The reaction of the Oaxaca peoples may have started under the guise of an annual teachers strike, a yearly attempt that started in the late '70's with a call for more funding for public school uniforms, lunches and supplies. When it was met with police repression in May of 2006, however, it literally turned into a supernova, sparking the people to fight not just for the rights of the teachers' union, but also for the entire working class. Activists with true dedication took to the streets to battle the PFP and PRI backed paramilitary forces. Why Chicano police would continue to battle their brothers and sisters is beyond me. A police officers pay is no better than any other working person. It always struck me as ludacris that police would try and silence a working class movement, especially one that benefit all involved. Over all though, police who do not side with this struggle should not be constantly spared so as to try and gain muscle. We cannot constantly forego the dirty work to keep our hands clean, if that makes any sense.

This all being said, and my solidarity with the Oaxaca rebels clear, there are problems with their tactics and working that leave me frustrated. For example, one can look at the recent day of brutality that saw full-on gunfire coming from PFP forces.

On November 25, two days ago from this posting, a peaceful demonstration in one of Oaxaca's main parks brought the deaths of three people by gunfire and the wounding of many others. In an attempt to form a human sheild around the PFP and PRI forces (peacefully), the APPO and other revolutionaries were met with tear gas and bruising force from the police and other governmental tools. When the need for self-defense was made evident, the revolutionaries responded with stones, slingshots and small-scale expolosives, a mere set of toys next to the PFP's goliath weapons. Overreacting, but reacting expectantly, the PFP returned fire with live ammunition, wounding dozens and causing even deaths. This is where my problem gives rise.

Why haven't the Oaxaca rebels fought fire with fire?

Peace is a wonderful thing and many would give anything in their possession to attain it, namely our brothers and sisters in Oaxaca. One must be ready to fight for peace though, as backwards as it may sound. Stones can do so much in biblical times, but when facing the fascism of a coporate plutocracy, the resistance of workers with guns says a lot more. The weapons population may be thin, but in true Zapatista spirit, armed revolt speaks much louder.
Every effort to peace must be tried before using such violent methods, some say. In reality though, haven't the Oaxaca rebels tried peace? They have given peace a chance but only to have that turn into the spilled blood of almost 15 innocent people.
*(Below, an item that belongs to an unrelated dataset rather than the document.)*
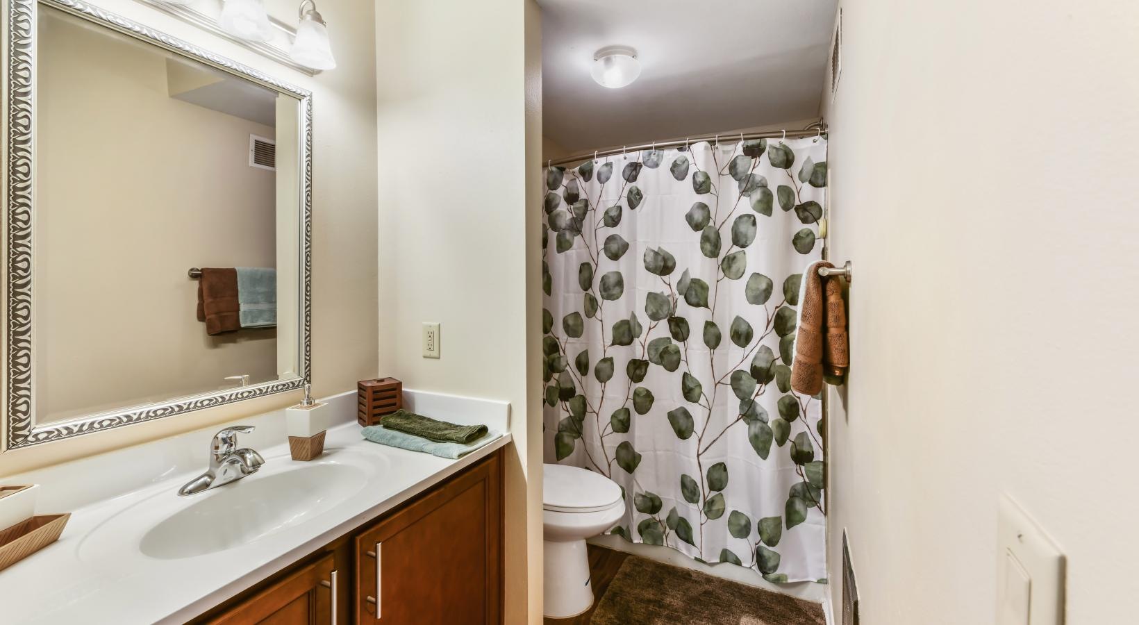 • a bathroom with a sink and a mirror

John F. Kennedy said it best when he said "Those who make peaceful revolution impossible, make violent revolution inevitable." The PFP are making a peaceful change of government impossible. The only way the APPO can/should respond now is with an explosion of armed revolutionary fervor. Only they can bring about the change, no outside governments or elections will do justice. They really do have a "world to win."
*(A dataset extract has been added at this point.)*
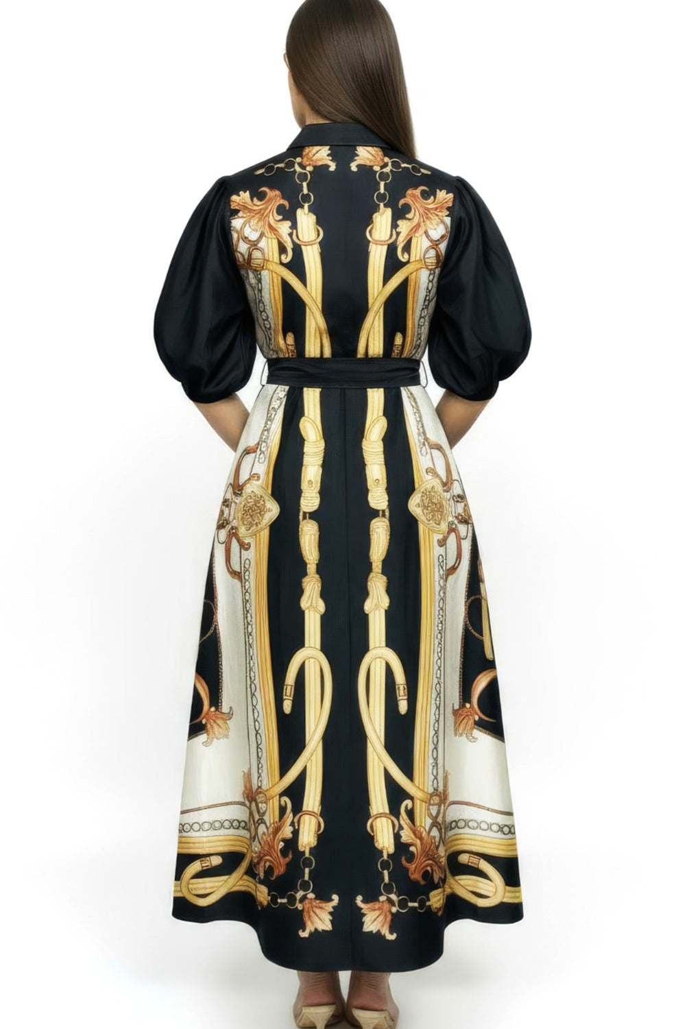 A satin-look maxi dress with a statement chain print. Designed with a wrap belt, puff half sleeves, and functional pockets. Finished with a button-down front for a polished look, this multi-tone style blends elegance with ease.

At 7:54 AM, Blogger TourPro said...

Uh, I think the PFP is responding to attacks from the "protesters". There are no reports of "gunfire" from the weekend and no deaths. You limo liberals sure like to twist the facts.

Oaxaca - Watch

At 10:17 AM, Blogger Kai! said...

Sorry, I guess some news sources on along with other sites (if you want links, ask) said so.

But I'm sure you're right, I mean, you are reliable, Mr. Tourpro.

At 10:47 AM, Blogger •VJESCI• said...

.oaxacan.I wonder is mister torpor knows how to pronounce that word.having been among them I know I do.